(YOUR INSTRUCTIONS): Copy each line of the records exactly, stopping only after the line that contains "The Client List" has been written, and leave pictures out.

[Data entries]
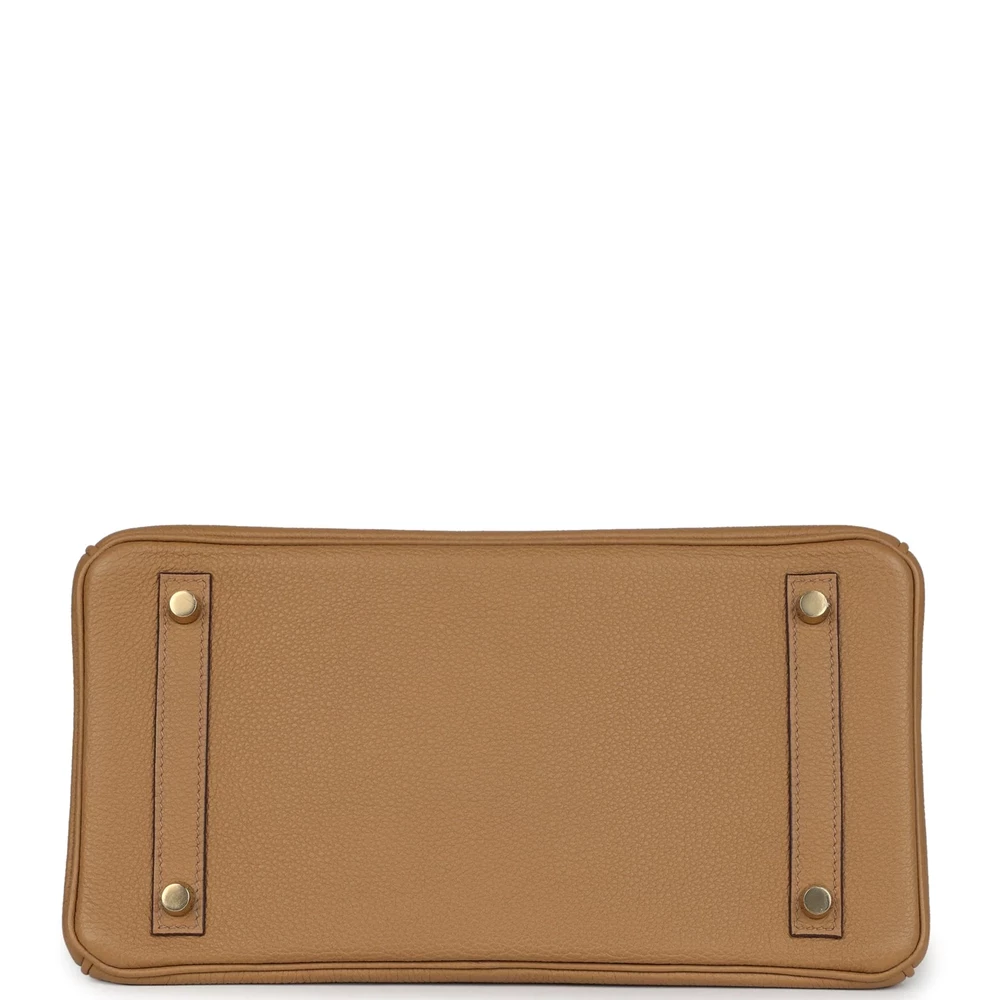 This Hermès Birkin is made from Biscuit Togo leather with gold hardware, showcasing tonal stitching, a front flap with two straps and a center toggle closure, a clochette with lock and two keys, and double rolled handles. The interior is lined with Biscuit chèvre leather and offers one zip pocket with an Hermès-engraved zipper pull and an open pocket on the opposite side.
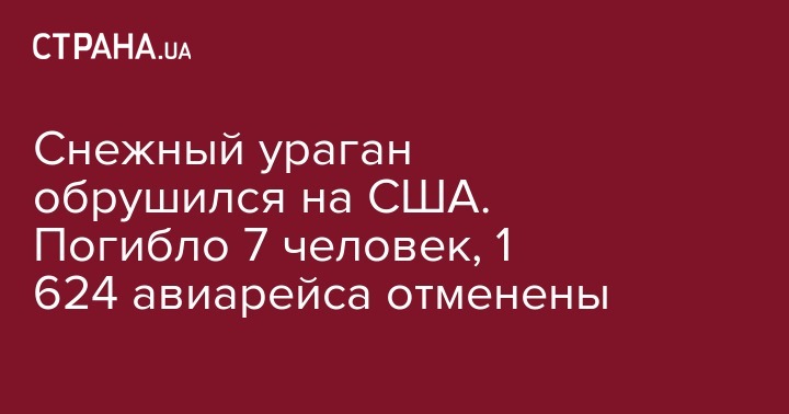 Вчера, 13 января, на США обрушился мощный снежный ураган, который привел к многочисленным человеческим жертвам. В двух штатах, Канзасе и Миссури, из-за снежной бури в ДТП погибло семь человек. В аэропортах страны вчера было отменено 1 624 рейса, большинство отмен произошло в аэропортах Вашингтога и Далласа, передает Reuters.
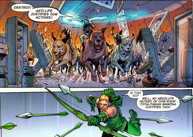 Page 21 – Panel 1: “I’ll use the anti-Anti-Life arrow.” Green Arrow rocks.
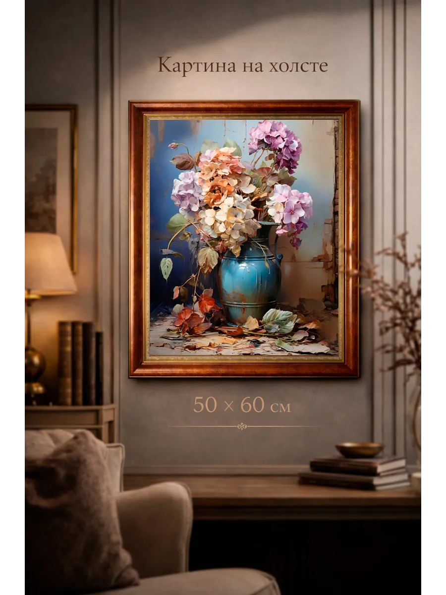 Размер 50×60 см делает картину универсальной — она гармонично смотрится как на стене самостоятельно, так и в композиции из нескольких картин.
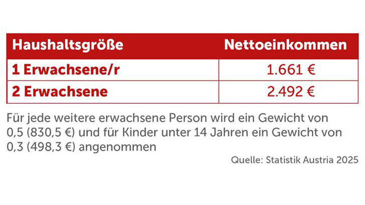 Als armutsgefährdet gilt, wer mit weniger als 60 % des mittleren Einkommens der Gesamtbevölkerung auskommen muss. Diese Einkommensgrenze wird Armutsgefährdungsschwelle genannt. Aktuell liegt sie in Österreich bei 1.661 Euro monatlich für einen 1-Personen-Haushalt. Der Wert erhöht sich pro weiterer erwachsener Person im Haushalt um 830,5 Euro.
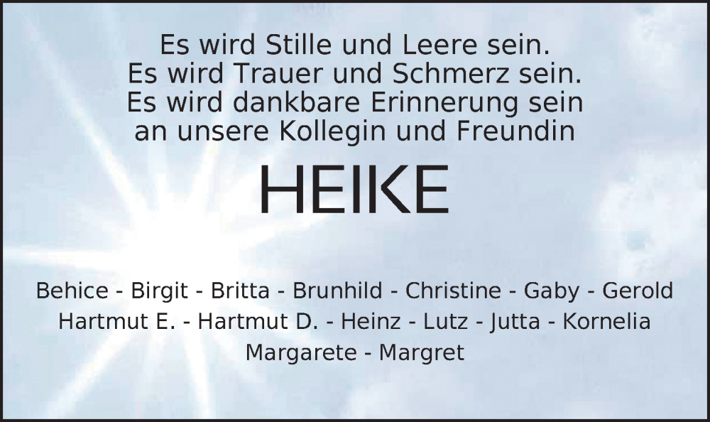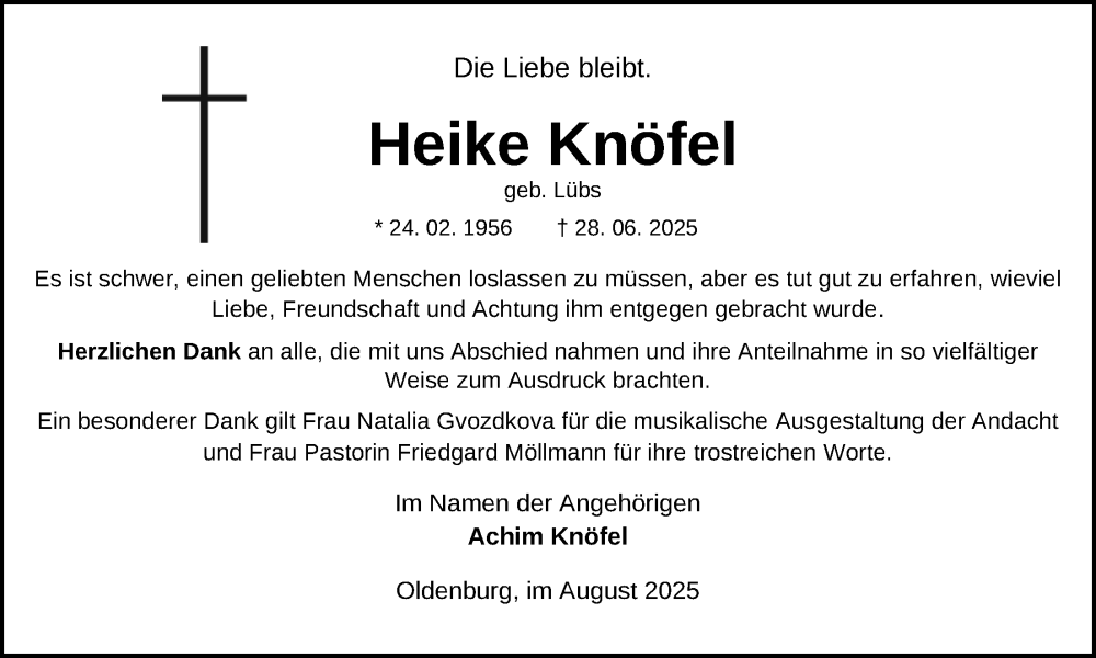 Hier finden Sie alle Traueranzeigen aus der Zeitung, die bisher für Heike Knöfel erschienen sind. Weitere Traueranzeigen, die in der Zeitung erscheinen, werden hier ebenfalls aufgelistet
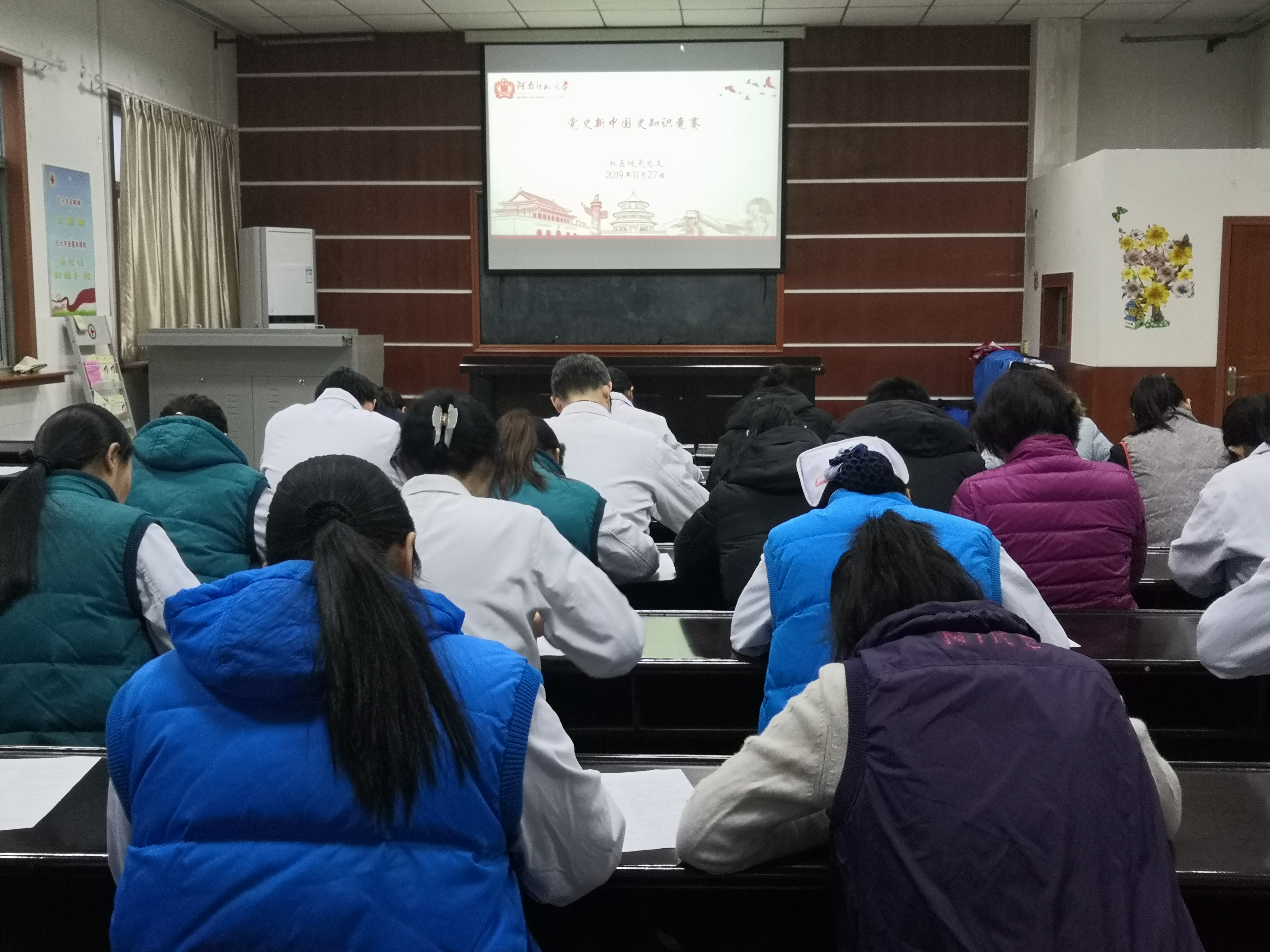 为检验“不忘初心、牢记使命”主题教育理论学习实效,推动主题教育往深里走、往心里走、往实里走,11月27日下午,校医院党总支在医院五楼会议室开展党史新中国史知识竞赛,30余名党员参加了活动。
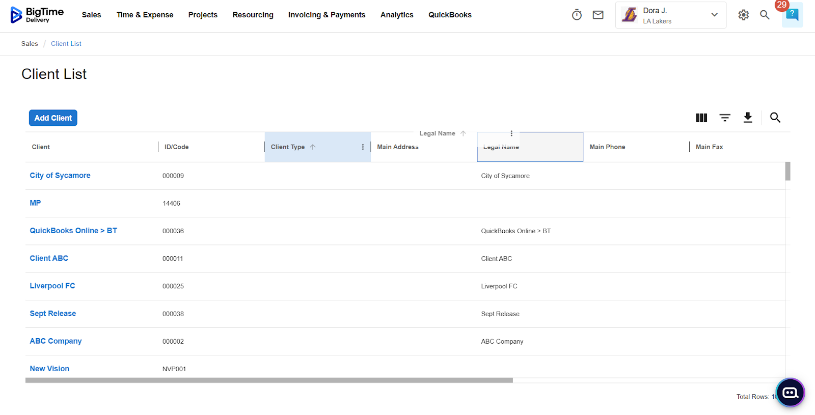 The Client List in BigTime provides a centralized view for managing, and updating your client database. You can now easily create new clients, manage their contact details, and update client records even before a project is created. All in one place. Whether you're managing ongoing projects or preparing quotes, this view helps you:
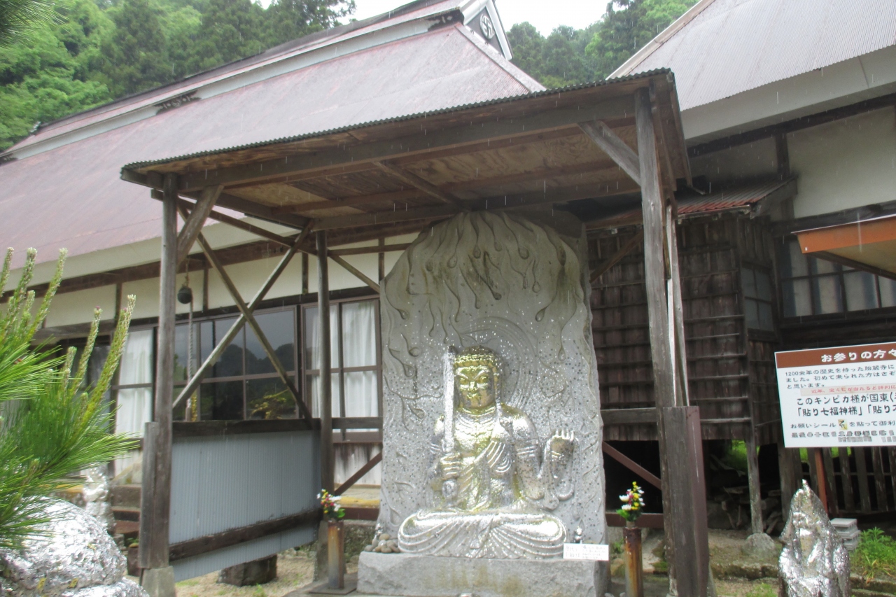 境内に入ると、石像がみんな、銀、銀、ギラギラです。不動明王も、七福神も、十二支像もみんな銀色でした。おみくじに付いている護符を貼る願掛けの一種なのだそうで、自分の願いに通じる像に護符シールを貼るのだそうです。なお、護符は金色ですが、程なく色落ちして銀色になるのだそうで、それで、銀、銀、ギラギラという訳です。このお寺の名前からも想像が付く様に、ここは子授けのご利益があるそうで、境内にある十二支像に囲まれた「熊野羊水」の中央にある龍を撫でると子宝に恵まれるそうです。
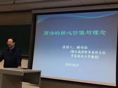 2019年10月27日晚七点,应西南交通大学邀请,原华东政法大学副校长、现任华东政法大学教授、博士生导师,上海市锦天城律师事务所主任顾功耘教授向西南交通大学公共管理与政法学院法律系的教师代表及全体同学作了名为《商法的核心价值与理念》的专题讲座。顾功耘教授现任中国法学会商法学研究会副会长、中国法学会经济法学研究会副会长、上海市法学会商法研究会会长、上海市法学会经济法研究会会长、中国国际经济贸易仲裁委员会仲裁员等职。顾教授不仅具备深厚的法学理论功底与教学实践能力,而且拥有丰富的商事法律实务经验。
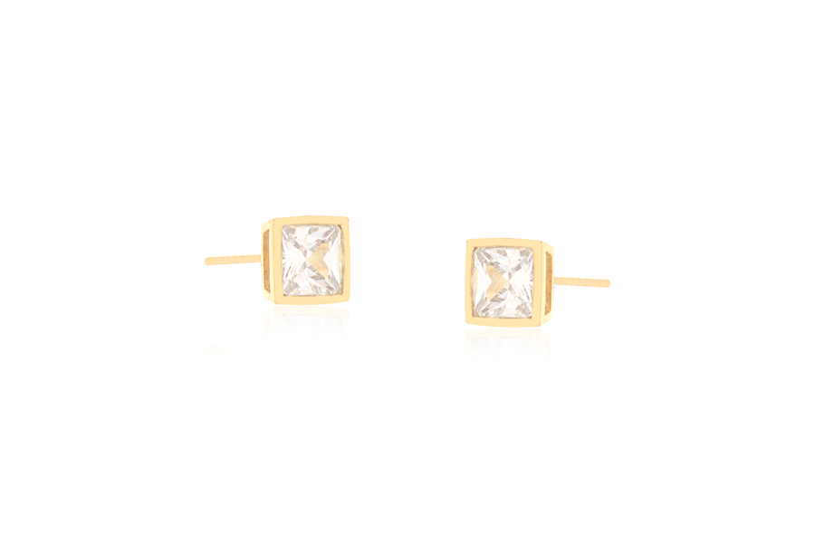 BRINCO BANHADO EM OURO, ZIRCÔNIA REDONDA 8mm, PARA QUALQUER COR DE PEDRA
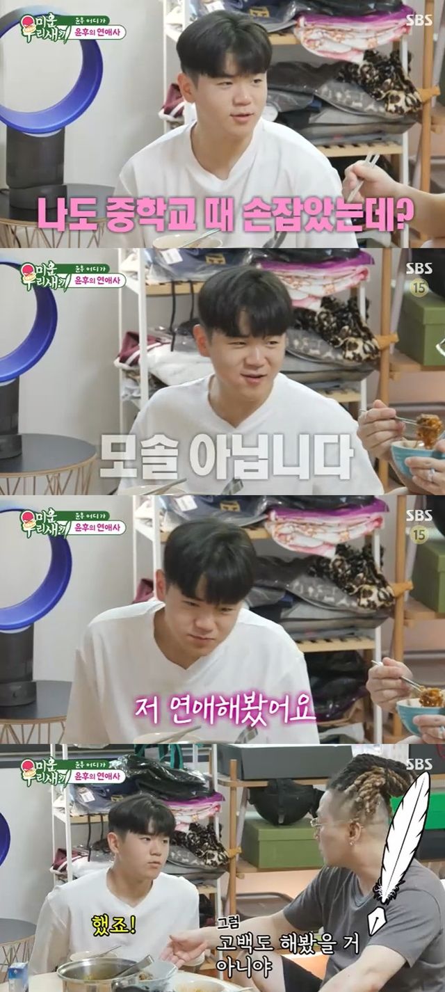 이에 윤후는 "나도 중학교 때 손 잡았는데?"라며 폭탄 고백을 했다. 이어 '요즘 썸이니 이야기하지 않냐. 그런 것도 없었냐'는 아빠의 도발에 "모솔 아니다. 왜 자꾸 모솔이라고 하냐"라고 밝혔다.

(EXPECTED OUTPUT):
 This Hermès Birkin is made from Biscuit Togo leather with gold hardware, showcasing tonal stitching, a front flap with two straps and a center toggle closure, a clochette with lock and two keys, and double rolled handles. The interior is lined with Biscuit chèvre leather and offers one zip pocket with an Hermès-engraved zipper pull and an open pocket on the opposite side.
 Вчера, 13 января, на США обрушился мощный снежный ураган, который привел к многочисленным человеческим жертвам. В двух штатах, Канзасе и Миссури, из-за снежной бури в ДТП погибло семь человек. В аэропортах страны вчера было отменено 1 624 рейса, большинство отмен произошло в аэропортах Вашингтога и Далласа, передает Reuters.
 Page 21 – Panel 1: “I’ll use the anti-Anti-Life arrow.” Green Arrow rocks.
 Размер 50×60 см делает картину универсальной — она гармонично смотрится как на стене самостоятельно, так и в композиции из нескольких картин.
 Als armutsgefährdet gilt, wer mit weniger als 60 % des mittleren Einkommens der Gesamtbevölkerung auskommen muss. Diese Einkommensgrenze wird Armutsgefährdungsschwelle genannt. Aktuell liegt sie in Österreich bei 1.661 Euro monatlich für einen 1-Personen-Haushalt. Der Wert erhöht sich pro weiterer erwachsener Person im Haushalt um 830,5 Euro.
 Hier finden Sie alle Traueranzeigen aus der Zeitung, die bisher für Heike Knöfel erschienen sind. Weitere Traueranzeigen, die in der Zeitung erscheinen, werden hier ebenfalls aufgelistet
 为检验“不忘初心、牢记使命”主题教育理论学习实效,推动主题教育往深里走、往心里走、往实里走,11月27日下午,校医院党总支在医院五楼会议室开展党史新中国史知识竞赛,30余名党员参加了活动。
 The Client List in BigTime provides a centralized view for managing, and updating your client database. You can now easily create new clients, manage their contact details, and update client records even before a project is created. All in one place. Whether you're managing ongoing projects or preparing quotes, this view helps you:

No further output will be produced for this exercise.